Fetch alerts from an integration instance - Configure a third-party integration instance to fetch events into Cortex XSIAM alerts for investigation. - Administrator Guide - Cortex XSIAM - Cortex - Security Operations

Cortex XSIAM Documentation
Product
Cortex XSIAM
Creation date
2024-03-06
Last date published
2025-04-21
Category
Administrator Guide
Abstract

Configure a third-party integration instance to fetch events into Cortex XSIAM alerts for investigation.

You can poll third-party integration instances for events and turn them into Cortex XSIAM alerts (fetching). Many integrations support fetching, but not all support this feature. You can view each integration in the Developer Hub.

When setting up an instance, you can configure the integration instance to fetch events. You can also set the interval for which to fetch new alerts, by configuring the Alerts Fetch Interval field. The fetch interval default is 1 minute. This enables you to control the interval in which an integration instance reaches out to third-party platforms to fetch alerts into Cortex XSIAM.

Note

  • In some integrations, the Alerts Fetch interval is called Feed Fetch Interval.

  • If the integration instance does not have the Alerts Fetch Interval field, you need to add this field by editing the integration settings. If the integration is from a content pack, you need to create a copy of the integration. Any future updates to this integration will not be applied to the copy integration.

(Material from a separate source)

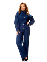 Комплект 2-х предметный, состоящий из блузона и юбки. Блуза без воротника с круглым вырезом горловины и центральной застёжкой на пуговицы, декорирована притачным воланом. Рукав и спинка с декоративным разрезом. Юбка прямая с притачным поясом и застежкой по центру спинки на молнию. По низу юбки притачной волан, по среднему шву спинки разрез. Длина блузон по спинке 54 см. Длина рукава 31 см. Длина юбки 70 см.
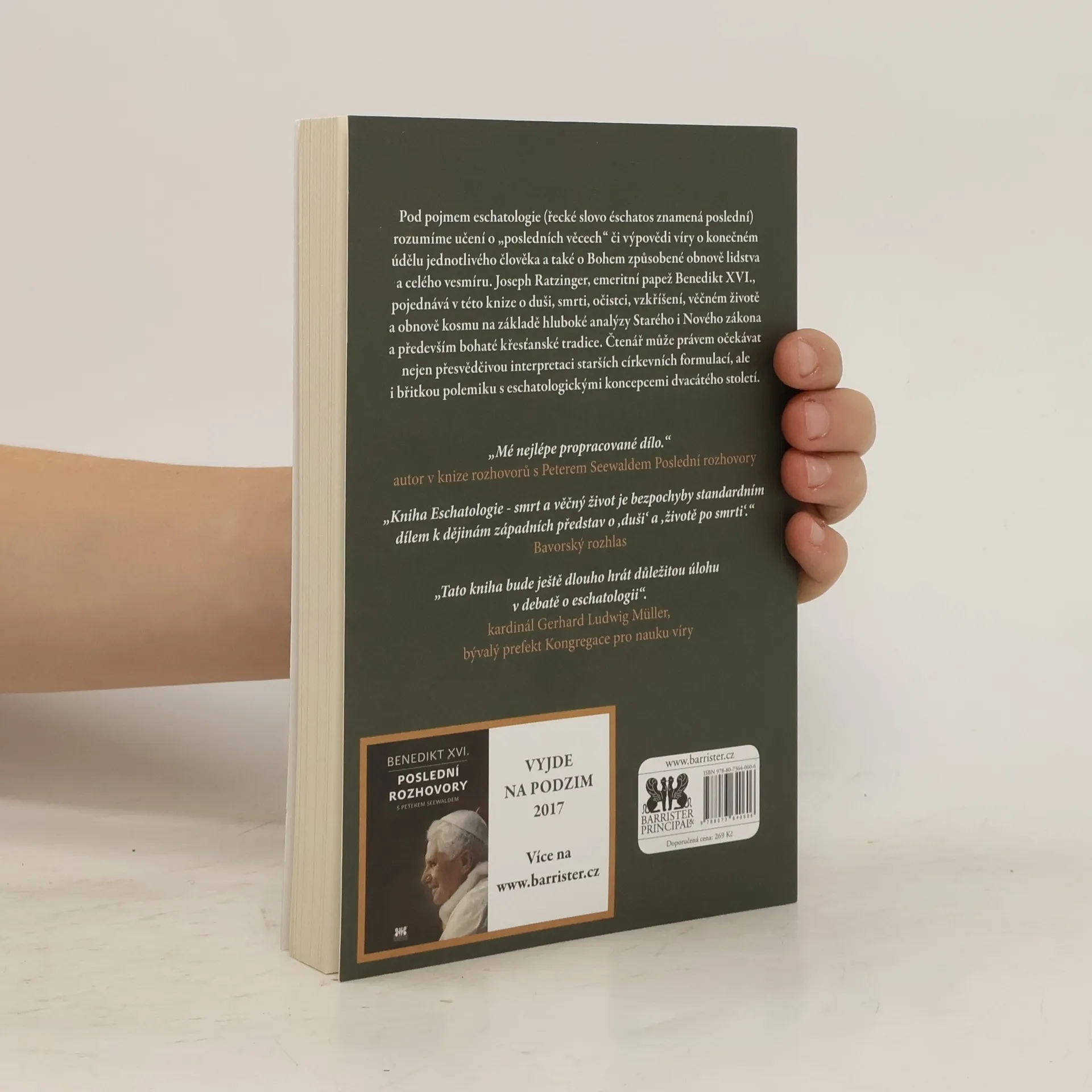 Pod pojmem eschatologie (řecké slovo éschatos znamená poslední) rozumíme učení o „posledních věcech“ či výpovědi víry o konečném údělu jednotlivého člověka a také o Bohem způsobené obnově lidstva a celého vesmíru. Joseph Ratzinger, emeritní papež Benedikt XVI., pojednává v této knize o duši, smrti, očistci, vzkříšení, věčném životě a obnově kosmu na základě hluboké analýzy Starého i Nového zákona a především bohaté křesťanské tradice. Čtenář může právem očekávat nejen přesvědčivou interpretaci starších církevních formulací, ale i břitkou polemiku s eschatologickými koncepcemi dvacátého století. Autor zde důkladně rozvedl intuice svého učitele Hanse Urs von Balthasara, který prohlásil: „Eschatologie je větrná korouhvička v teologii naší doby. Od ní vystupují ony bouře, které plodně ohrožují velkou oblast teologie: mohou utlouci kroupami, nebo občerstvit.“

  • If you turn off fetching for a while and then turn it on or disable the instance and enable it, the instance remembers the last run and pulls all events that occurred while it was off. If you don't want this to happen, verify that the instance is enabled and click Reset the “last run” timestamp when editing the instance. Also, note that "last run" is retained when an instance is renamed.

  1. Go to SettingsConfigurationData CollectionAutomation and Feed Integrations, find the integration, and click + Add instance.

  2. In the integration's dialog box, select Fetch alerts.

    After this setting is enabled, Cortex XSIAM searches for alerts that occurred within the time frame set for the integration, which is based on the specific integration. The default is 10 minutes, but can be changed in the integration script.

  3. (Optional) In the Alerts Fetch Interval field, set the interval of hours and minutes to fetch alerts (default 1 minute).

  4. (Optional) If the Alerts Fetch Interval field does not appear, add it to the integration.

    Relevant for any alert fetching integration:

    1. For integrations installed from a content pack, select the duplicate integration button.

      If you already duplicated the integration, click the Edit integration’s source button.

    2. In the Basic section, select the Fetch alerts checkbox.

      In the Parameters section, you can see that the AlertFetchInterval parameter is added. Change the default value if necessary.

    3. Click Save to save the changes.